Work order ->
Could you output every record below exactly, leaving out the pictures?

Given information ->
□ □ □ □ □ □ □

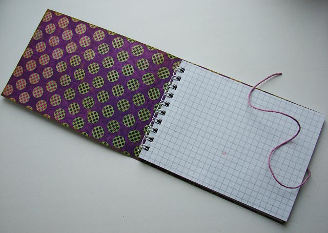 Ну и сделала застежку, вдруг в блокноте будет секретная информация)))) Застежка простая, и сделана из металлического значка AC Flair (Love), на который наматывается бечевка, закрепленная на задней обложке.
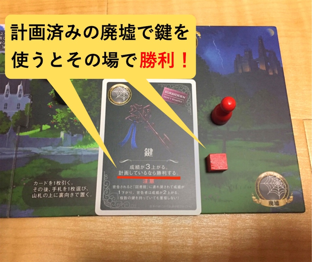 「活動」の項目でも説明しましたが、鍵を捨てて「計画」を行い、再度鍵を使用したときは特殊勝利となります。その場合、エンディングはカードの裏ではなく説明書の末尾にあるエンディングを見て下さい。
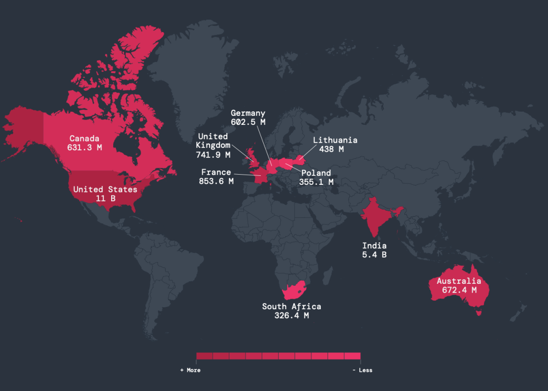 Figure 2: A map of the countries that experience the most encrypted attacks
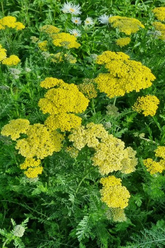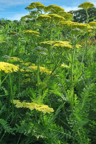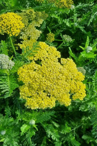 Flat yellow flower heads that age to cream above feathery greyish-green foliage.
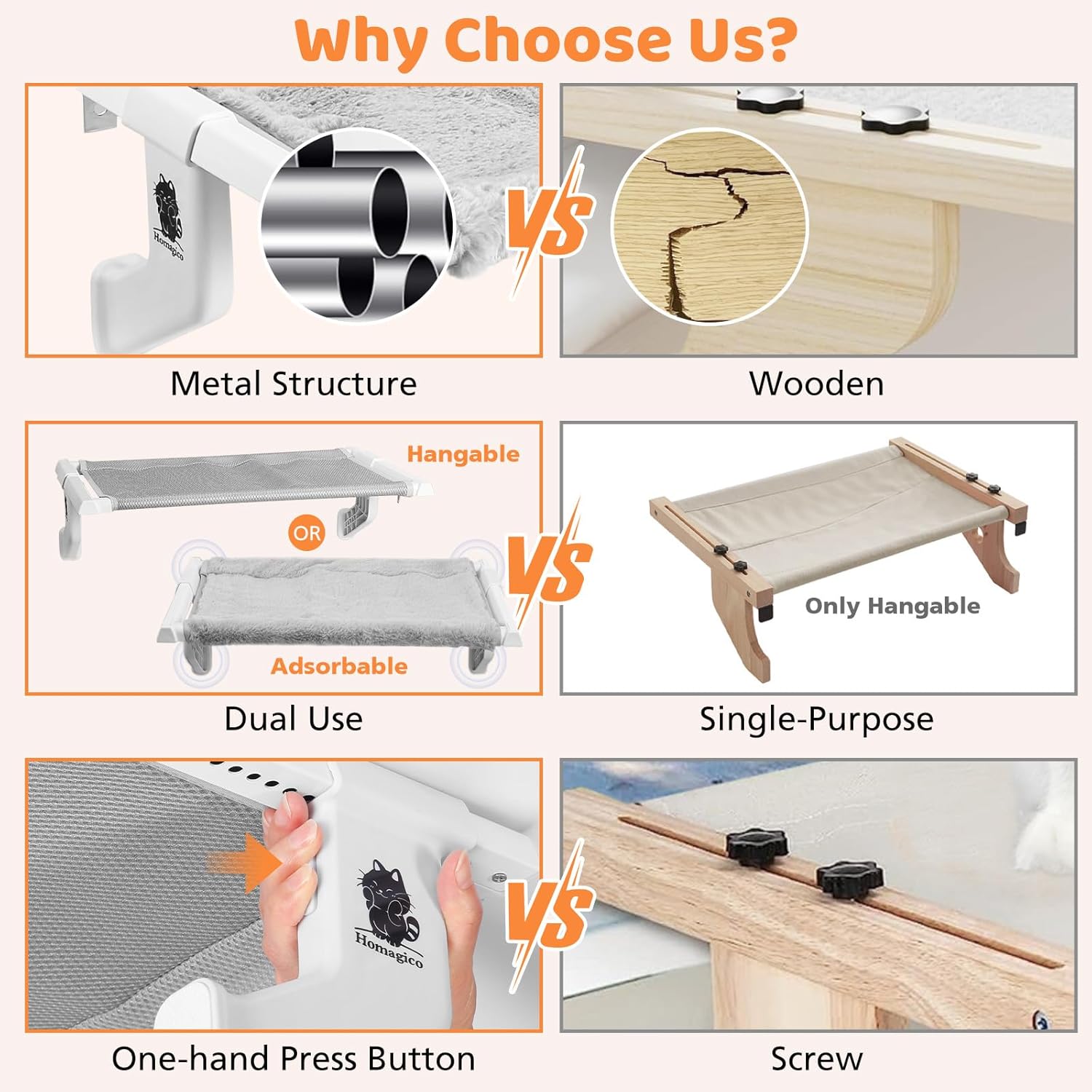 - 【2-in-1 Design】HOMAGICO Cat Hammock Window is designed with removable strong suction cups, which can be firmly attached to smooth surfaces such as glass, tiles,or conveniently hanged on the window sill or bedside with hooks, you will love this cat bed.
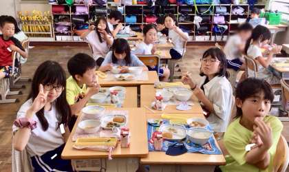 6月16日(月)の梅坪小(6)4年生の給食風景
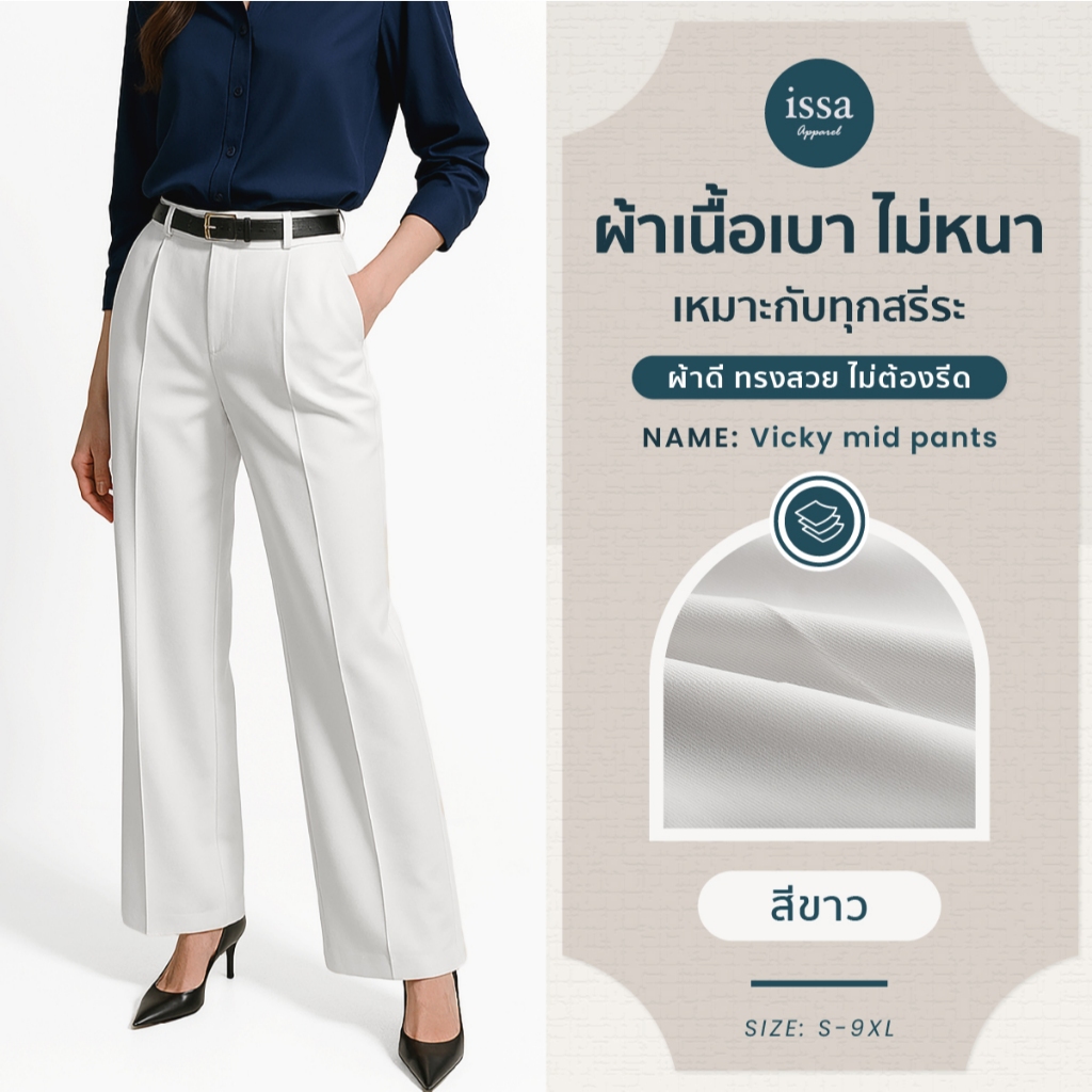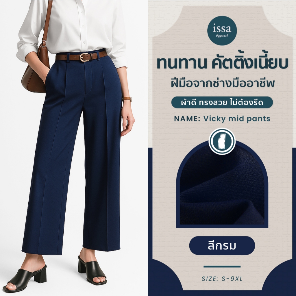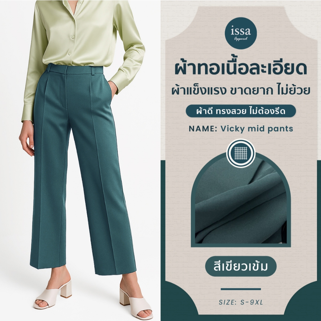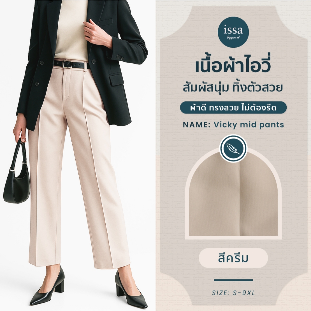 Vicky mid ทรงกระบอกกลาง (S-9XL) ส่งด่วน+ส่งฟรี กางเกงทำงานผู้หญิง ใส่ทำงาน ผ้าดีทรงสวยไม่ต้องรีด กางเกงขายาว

□ □ □ □ □ □ □

Completed task ->
 Ну и сделала застежку, вдруг в блокноте будет секретная информация)))) Застежка простая, и сделана из металлического значка AC Flair (Love), на который наматывается бечевка, закрепленная на задней обложке.
 「活動」の項目でも説明しましたが、鍵を捨てて「計画」を行い、再度鍵を使用したときは特殊勝利となります。その場合、エンディングはカードの裏ではなく説明書の末尾にあるエンディングを見て下さい。
 Figure 2: A map of the countries that experience the most encrypted attacks
 Flat yellow flower heads that age to cream above feathery greyish-green foliage.
 - 【2-in-1 Design】HOMAGICO Cat Hammock Window is designed with removable strong suction cups, which can be firmly attached to smooth surfaces such as glass, tiles,or conveniently hanged on the window sill or bedside with hooks, you will love this cat bed.
 6月16日(月)の梅坪小(6)4年生の給食風景
 Vicky mid ทรงกระบอกกลาง (S-9XL) ส่งด่วน+ส่งฟรี กางเกงทำงานผู้หญิง ใส่ทำงาน ผ้าดีทรงสวยไม่ต้องรีด กางเกงขายาว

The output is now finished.